Ça c’est une bonne question, parce que justement, on est en pleine réflexion. Pour notre part, nous avons édité un hors-série l’année dernière sur les 17 Objectifs de développement durable (ODD). Un hors-série qui a été couplé à un événement, donc un sommet de réflexion, qui a mis à contribution des acteurs locaux et des acteurs régionaux par visioconférence de Madagascar et de La Réunion. On a fait une grosse enquête en partenariat avec les Nations unies et Kantar Analysis. Tout ça pour vous dire que le résultat de cette enquête montrait qu’en fait, tout le monde se cherche un peu dans les ODD. C’est aussi le cas des grands groupes qui, heureusement, mettent à disposition des ressources humaines parce qu’ils ont les moyens, mais qui se cherchent un peu. Ils n’y arrivent pas, ils sont un peu perdus parce qu’aujourd’hui, ça arrive rapidement et ils ne savent pas encore quels outils utiliser pour atteindre les ODD. 

 

Ils sont volontaires, ils mettent des budgets, ils mettent des moyens humains, mais ils ont besoin d’indicateurs, ils ont besoin d’aide, ils ont besoin d’accompagnement, notamment au niveau des États. Et cela sans parler du grand public et des petites entreprises qui n’ont même pas le temps de penser aux Objectifs de développement durable, à force de travailler non-stop. 

 

D’où l’idée de ce forum, à notre petit niveau, afin de lancer le débat pour que les grands groupes accompagnent les PME et vice versa.
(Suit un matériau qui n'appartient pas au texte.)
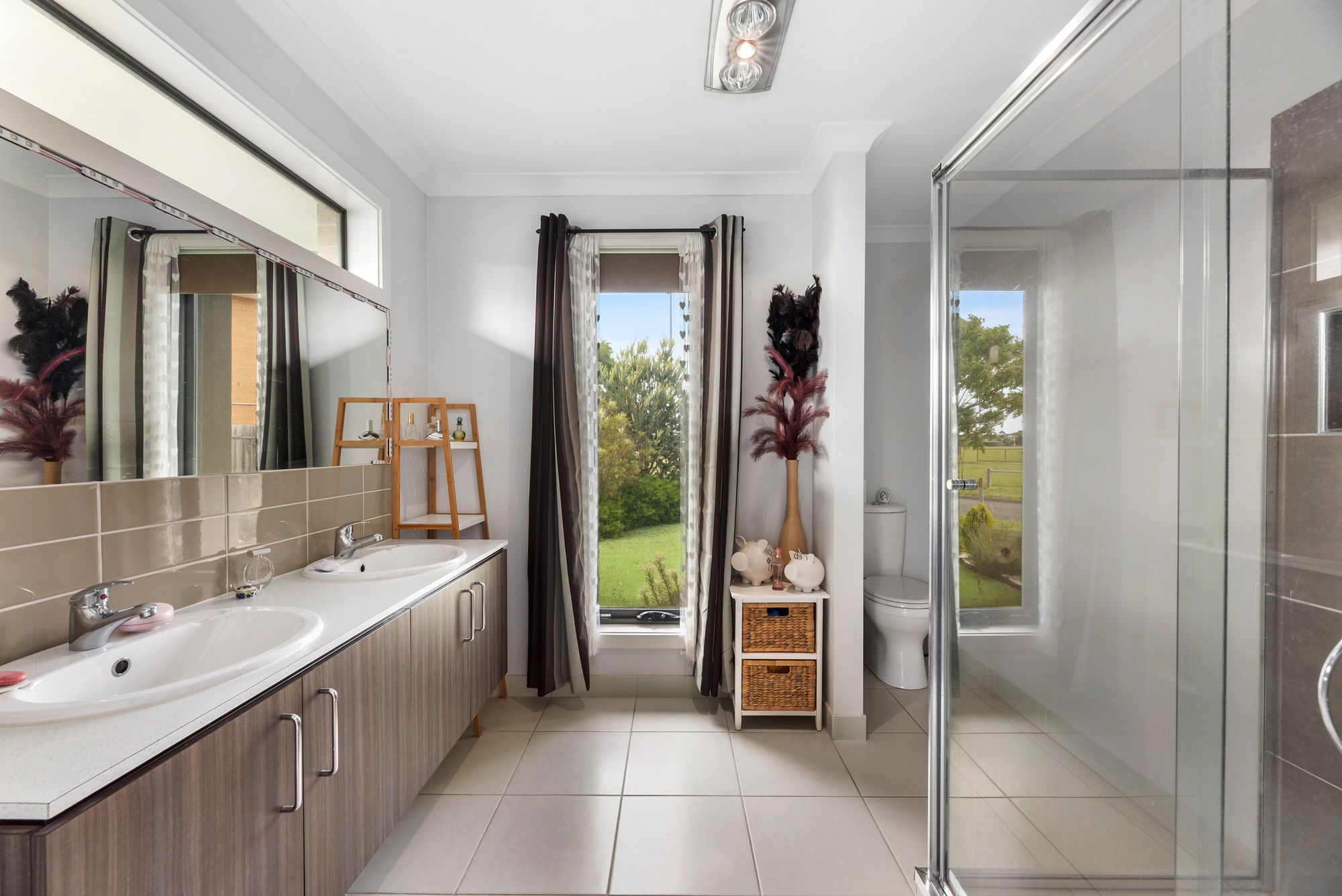 Master Bedroom – Spacious, large window with blinds, ducted heating, carpeted, large walk in robe, Ensuite with large semi-frameless shower with niche, double basin and extended vanity, mirror splash back, separate toilet, chrome fittings, highlight window.

Les PME, comme on l’a dit ce matin encore, (Ndlr : lors de la Green Tech Summit) ont beaucoup à apprendre aux grands groupes, parce qu’elles sont sur le terrain. Il y a des réalités que les deux doivent partager, tout ça en synergie avec les gouvernements, qui sont eux aussi un peu dans leur tour d’ivoire et ne savent pas comment faire. Il faut qu’on travaille tous ensemble, dans une  synergie, pour atteindre les ODD. En tout cas, pour commencer à y travailler, il faut qu’il y ait une conscientisation.